As assessed by WGCNA analyses of altered gene expression in Atxn1154Q/2Q mice, genes within the medulla Brown coexpression module have little overlap with the cerebellar Magenta module. In addition, the cerebellar Magenta module is enriched for genes whose expression is regulated by the ATXN1-interacting transcription factor CIC (25). Importantly, the ability of expanded ATXN1 to interact with CIC is critical for it to induce disease in Purkinje cells (36). In contrast to the cerebellar Magenta gene network, the medulla Brown module is only significantly enriched for genes with 1 of the 2 CIC-binding site motifs in their upstream regions and far less significantly enriched than the Magenta module. Thus, genes in the medulla Brown module are unlikely to be regulated by CIC, suggesting that the interaction of ATXN1 with CIC is not a major driver of disease in the medulla.

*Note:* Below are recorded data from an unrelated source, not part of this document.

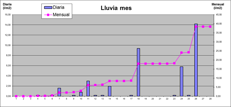 | Máximo de Lluvia: | 14,20 | 26/2/16 | |||||||||||||||||||
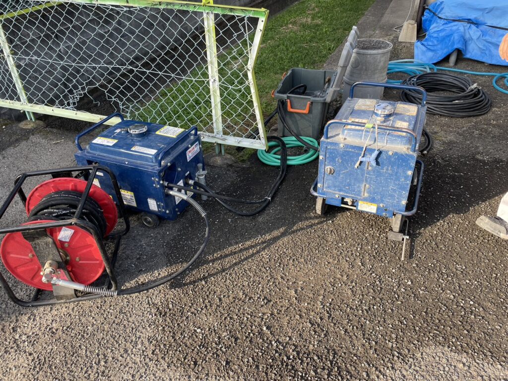 高圧洗浄の機械も2つ用意しました。防音タイプです。タンクもオーバーフローしないように一定の量がたまったら
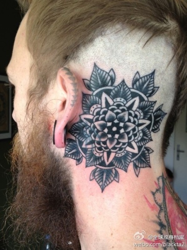 头部另类潮流的欧美黑灰花卉纹身图案_欧美纹身图案大全_纹身图吧
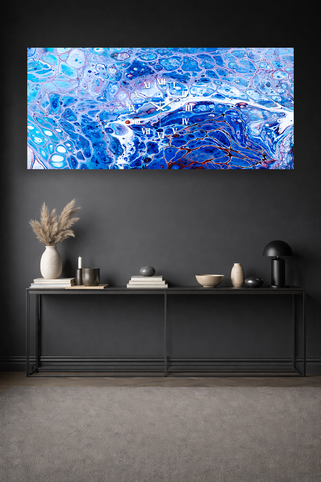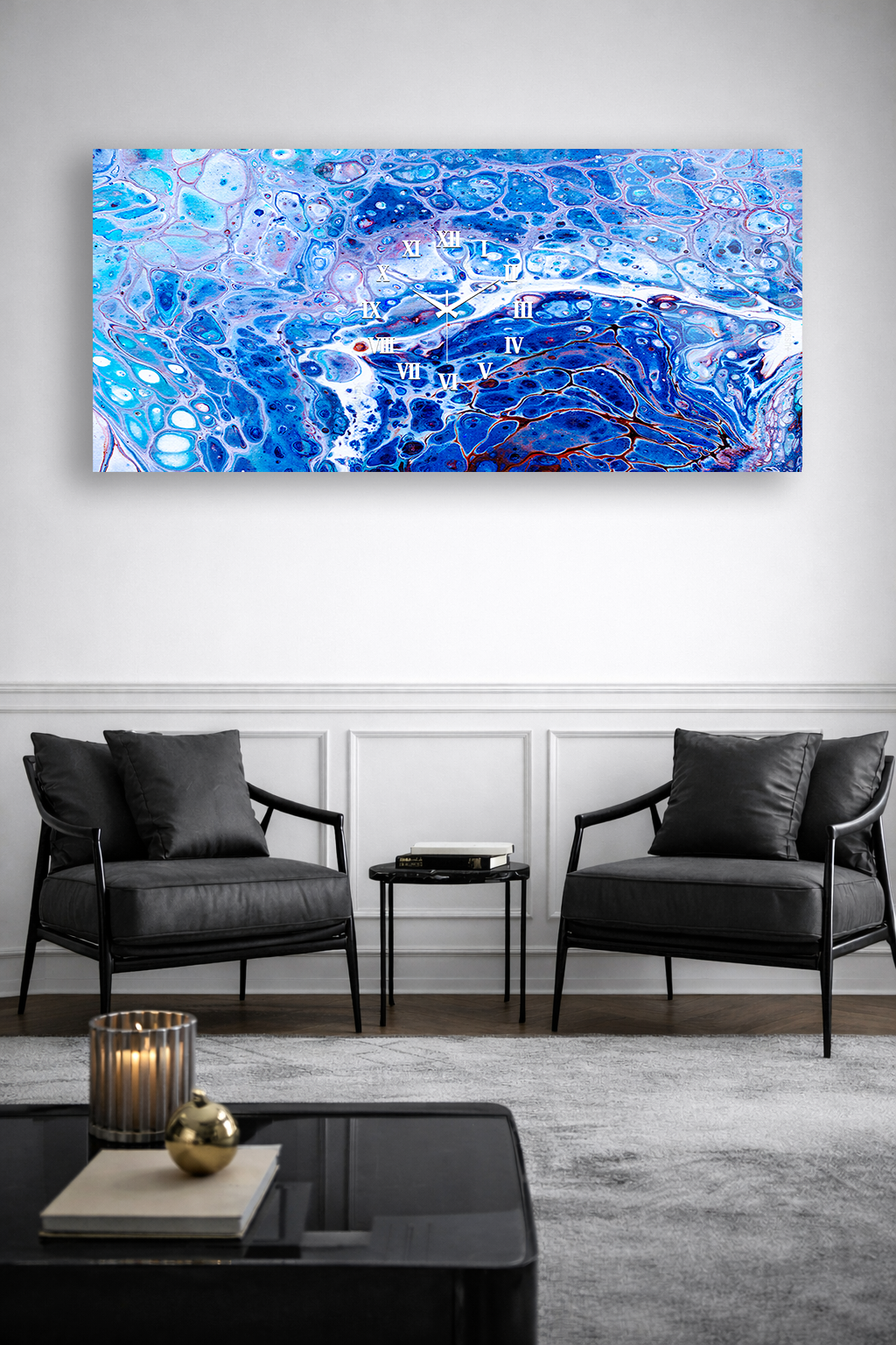 KIRILMAZ CAM DUVAR SAATİ , HEM TABLO HEM SAAT MAVİ MERMER SOYUT DESEN EV OFİS HEDİYESİ

This conclusion is consistent with the finding that, while loss of CIC function has a major effect on reducing cerebellar motor phenotypes, it has far less of an effect on extending life span in Atxn1154Q/2Q mice (42). Future work looking at the extent to which additional ATXN1 interactors mediate neurodegeneration in the medulla will be critical for therapeutic considerations going forward.
The MRS findings were largely consistent with the analyses of transcriptomic data. First, we detected a smaller number of neurochemical abnormalities and a more limited ASO response in the brainstems of the Atxn1154Q/2Q mice than in the cerebella at both 18 and 28 weeks. This is likely due to partial volume effects, namely the brainstem volume of interest (VOI) contained both pontine and medullary tissue (Figure 7D). Additionally, a small fraction of the pons is affected by SCA1 in the Atxn1154Q/2Q mice, as also shown by the lack of a disease-associated WGCNA coexpression gene network in the pons. In contrast, the majority of the pons is affected in patients with SCA1. Consistently, pontine neurochemicals show strong correlations with clinical status (6) and pons volume measured by MRI is the most sensitive structural measure to change in patients with SCA1 (31). Therefore, MRS of the pons is still expected to be sensitive to treatment effects in human subjects undergoing gene-silencing therapies. Second, similar to the gene expression findings, onset of neurochemical abnormalities was delayed in the brainstem compared with the onset in the cerebellum. At 18 weeks of age, while numerous neurochemical levels were abnormal in the cerebellum (Supplemental Figure 7A), Atxn1154Q/2Q mice showed minimal neurochemical abnormalities in the brainstem (Supplemental Figure 7B). By 28 weeks of age, a substantially larger number of neurochemical differences were detectable in the brainstems of Atxn1154Q/2Q mice, while still fewer than those detected in the cerebella (Supplemental Figure 7, C and D). The limited and delayed pathology in the tissue covered by the brainstem VOI likely resulted in the limited neurochemical response to a single ASO injection administered at 5 weeks.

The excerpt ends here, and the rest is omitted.